Mr. Lindberg spent decades explaining that it was his patrol, not the one captured in the famous Associated Press photograph by Joe Rosenthal, that raised the first flag as U.S. forces fought to take the Japanese island.
In the late morning of Feb. 23, 1945, Mr. Lindberg fired his flame-thrower into enemy pillboxes at the base of Mount Suribachi and then joined five other Marines fighting their way to the top. He was awarded the Silver Star for bravery.
“Two of our men found this big, long pipe there,” he said in an interview with the Associated Press in 2003. “We tied the flag to it, took it to the highest spot we could find and we raised it.
“Down below, the troops started to cheer, the ship’s whistles went off, it was just something that you would never forget,” he said. “It didn’t last too long, because the enemy started coming out of the caves.”

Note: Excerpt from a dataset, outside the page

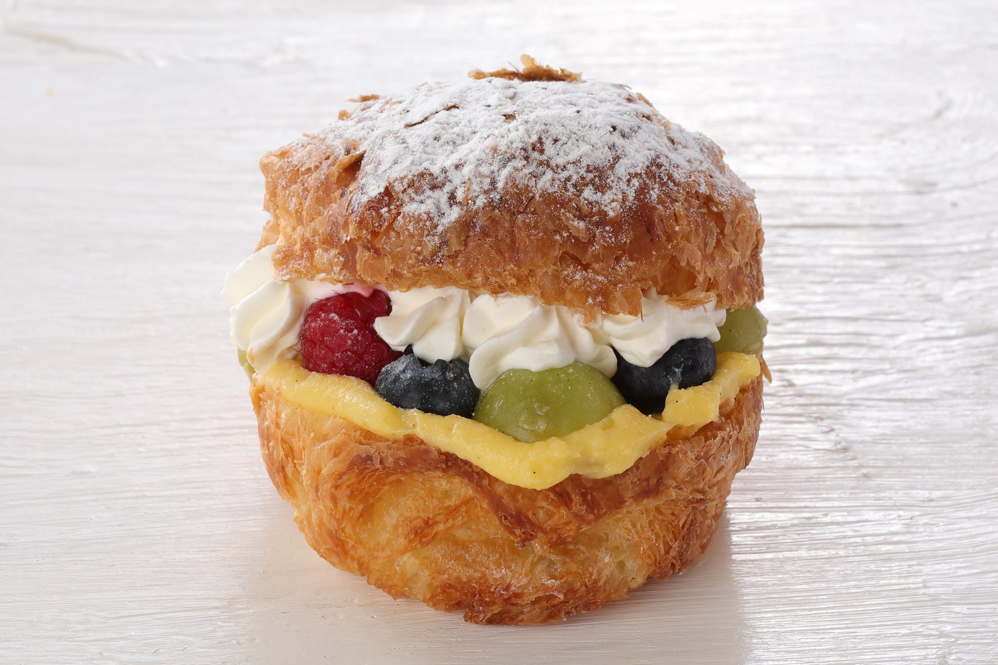 ボール状に焼き上げたデニッシュ生地に、カスタードクリームとヨーグルトクリームを絞り、マスカット、ブルーベリー、ラズベリーをサンドしました。ティータイムにおすすめの、シュークリームのようなデニッシュです。

The moment was captured by Sgt. Lou Lowery, a photographer from the Marine Corps‘ Leatherneck magazine. It was the first time a foreign flag flew on Japanese soil, according to the book “Flags of Our Fathers,” by James Bradley with Ron Powers. Mr. Bradley’s father, Navy corpsman John Bradley, was one of the men in the famous photo of the second flag-raising.
“We thought it would be a slaughterhouse up on Suribachi,” Mr. Lindberg said in the book. “I still don’t understand why we were not attacked.”
Three of the men in the first raising never saw their photos. They were among the more than 6,800 U.S. servicemen killed in the five-week battle for the island.
By Mr. Lindberg’s account, his commander ordered the first flag replaced and safeguarded because he worried someone would take it as a souvenir. Mr. Lindberg was back in combat when six men raised the second, larger flag about four hours later.
Mr. Rosenthal, who died last year, always denied accusations that he staged the photo, and he never said it depicted the first raising of a flag over the island.
Mr. Lindberg was shot through the arm on March 1 and evacuated.
After his discharge in January 1946, Mr. Lindberg — no relation to aviator Charles Lindbergh — went home to Grand Forks, N.D. He moved to Richfield in 1951 and became an electrician.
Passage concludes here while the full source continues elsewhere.